2. Post-partum women (women who given birth within 180 days prior to applying to OHDAP) who meet all OHDAP eligibility criteria and who are not eligible for other programs which provide antiretroviral (ARV) medications.
If the OHDAP is able to enroll some but not all individuals from the waiting list (based on insufficient funds), applications from individuals who meet all OHDAP eligibility criteria and who are not eligible for other programs which provide ARV medications will be prioritized as follows:
Priority 1: Individuals with HIV and other extreme medical conditions such as, but not limited to, HIV-associated nephropathy or HIV related dementia. The applicant’s HIV-treating physician or nurse practitioner shall complete a medical waiver request
consistent with section 3701-44-04 of the Ohio Administrative Code.
Priority 2: Individuals with a history of AIDS-defining illness [see paragraph (C) of Appendix A to section 3701-3-12 of the Ohio Administrative Code for indicator diseases diagnosed definitively] and/or a nadir CD4 count of less than or equal to 200 cells/mm3 (or less than 14%). Documentation shall be provided by the HIV treating physician or nurse practitioner evidencing how the individual meets this priority.
Priority 3: Individuals with HIV and a nadir CD4 count between 201-350 cells/mm3. Documentation shall be provided by the HIV-treating physician or nurse practitioner evidencing how the individual meets this priority.
Priority 4: Individuals with HIV and a nadir CD4 count between 351-500 cells/mm3. Documentation shall be provided by the HIV-treating physician or nurse practitioner evidencing how the individual meets this priority.
Priority 5: Individuals with HIV and a nadir CD4 count above 500 cells/mm3. Documentation shall be provided by the HIV-treating physician or nurse practitioner evidencing how the individual meets this priority.
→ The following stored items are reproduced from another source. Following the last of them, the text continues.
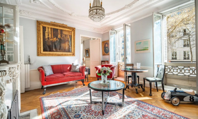 Exclusive Listing. Prime Location – In the heart of the Odéon district, just steps away from the Luxembourg Gardens. Located on the ground floor of a magnificent 18th-century building, overlooking a charming tree-filled courtyard, we are pleased to offer this superb 87 m² apartment (66.82 m² Loi Carrez) spread over three levels. Fully air-conditioned and renovated to the highest standards with quality materials, the property preserves its historic character with exposed beams, a fireplace, and chevron (point de Hongrie) parquet flooring. It boasts exceptional volumes (4.20m ceiling height) and is arranged as follows: Main Level: - An open-plan living room and kitchen. - A laundry room. Upper Level (accessible via staircase): - An office or guest bedroom, extended by a walkway providing access to a stunning custom-made wrought-iron wall library. - Guest toilets. Lower Level: - A master suite that retains an opening onto the large living room windows, offering a dramatic 7-meter vertical perspective. - A walk-in dressing room. - A shower room with an integrated Hamam (steam room). - Toilets. A cellar completes this property. The apartment is available as-is, or can be delivered fully turnkey (including kitchen, bathrooms, furnishing, and interior decoration) for an additional fee. Its exceptional location, impressive volumes, natural light, and the quality of its renovation make this apartment a truly rare find on the market.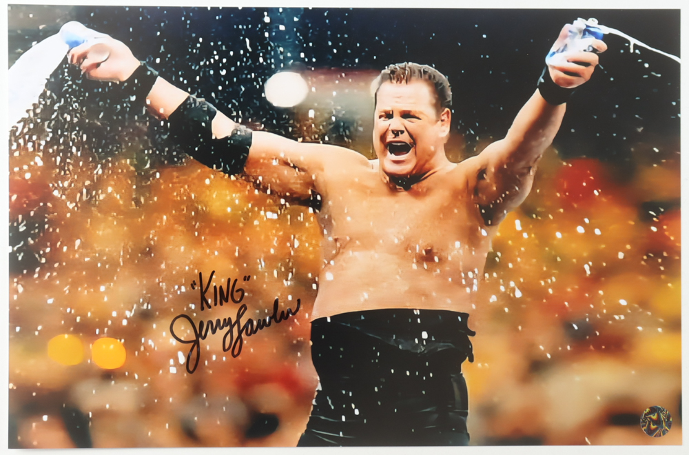 Photo measures approximately 11" x 17" in size. Hand-signed by Jerry "The King" Lawler (HOF).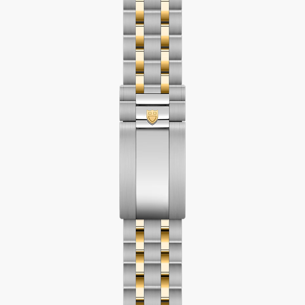 Bu TUDOR Royal, kasayla kesintisiz bir çizgi oluşturan entegre metal bileziğiyle akıcılık ve kusursuz tarzın vücut bulmuş hâlidir. Cilalı iki ince bağlantı arasına yerleştirilmiş üç adet geniş ve saten fırçalanmış bağlantısıyla öne çıkan bilezik, yüzeyinin ve kenarlarının kaliteli pürüzsüzlüğüyle ve de “T-fit” tokasıyla TUDOR’un bilekteki rahatlığa verdiği önemi vurgular. Paslanmaz çelik veya birbirini takip eden paslanmaz çelik ve sarı altın bağlantılarıyla bu serideki modellerin finisajları her zevke uygundur.

The motto of the Ohio Department of Health is "to protect and improve the health of all Ohioans"; but the unintended consequences that would result from the state implementing its proposed rules on medical criteria for ADAP would undermine that motto. Ironically, Ohio cannot afford to adopt this proposed rule because it will only cost the state more money in other health-related costs.
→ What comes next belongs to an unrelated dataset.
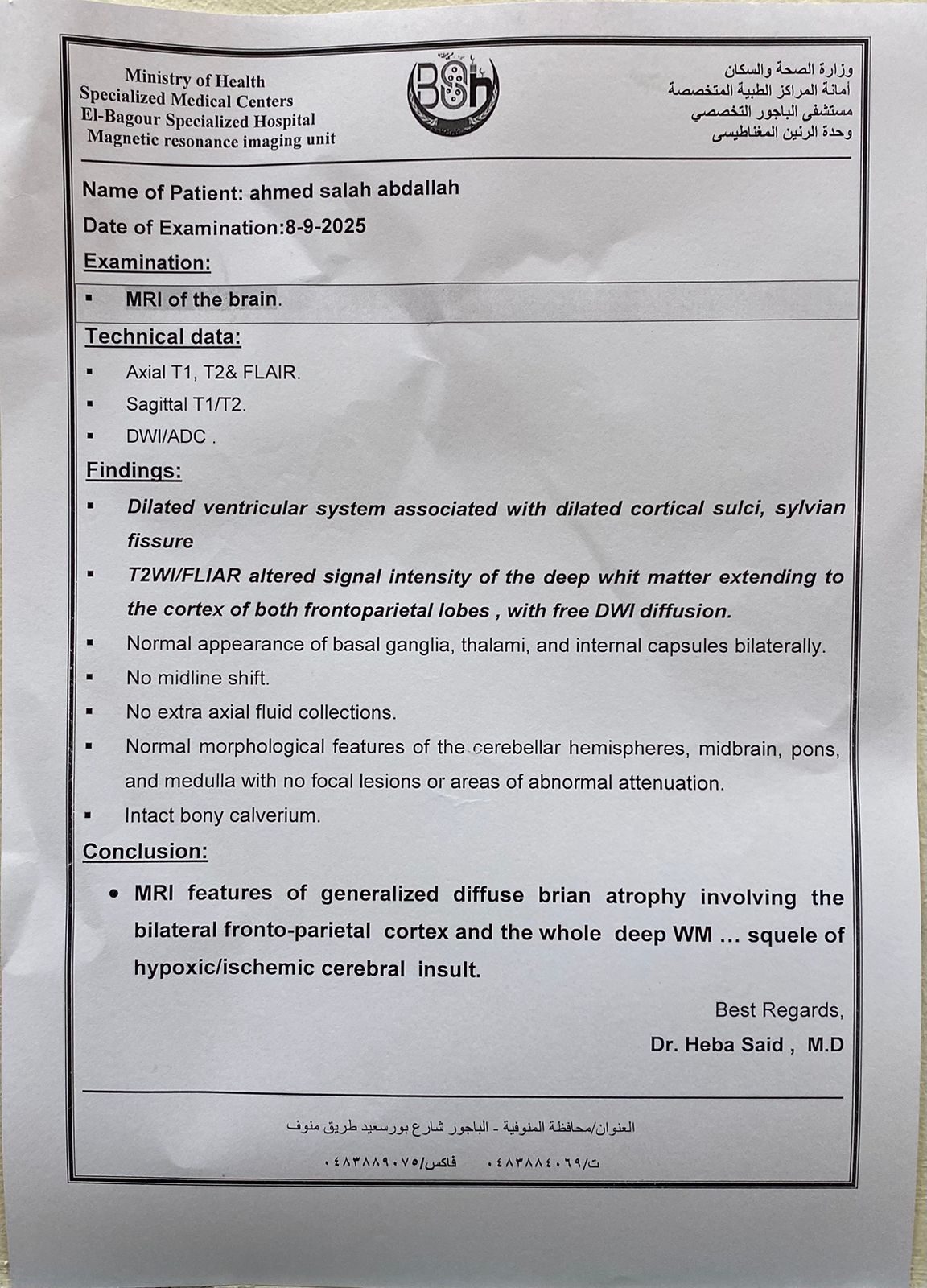 وقال إن والديّ أحمد، في حالة من الانهيار النفسي، في ظل صغر سنه، وخوفهم من نقله إلى مستشفى آخر، خوفًا من رفض استقباله، رغم حاجته العاجلة إلى فريق متخصص من أطباء الأعصاب والعناية المركزة لتقييم حالته ووضع علاج واضح له، ووجهت الأسرة نداءً عاجلًا لإنقاذ ما يمكن إنقاذه من حياة.

Not only has Ohio instituted the above medical criteria, they have also reduced financial eligibility from 500 percent of the Federal Poverty Level (FPL) to 300% FPL. Many other states have also reduced their FPL, thus shutting people out of care and treatment. The latest ADAP waiting list numbers, and states who have implemented other cost containment strategies, are made available by the National Alliance of State & Territorial AIDS Directors (NASTAD), and can be reviewed by downloading the ADAP WATCH!
Every person living with HIV/AIDS should have access to the care and treatment they need to remain alive, healthy and productive. PLWHAs seeking access to care and treatment should not be subjected to dangerous medicine!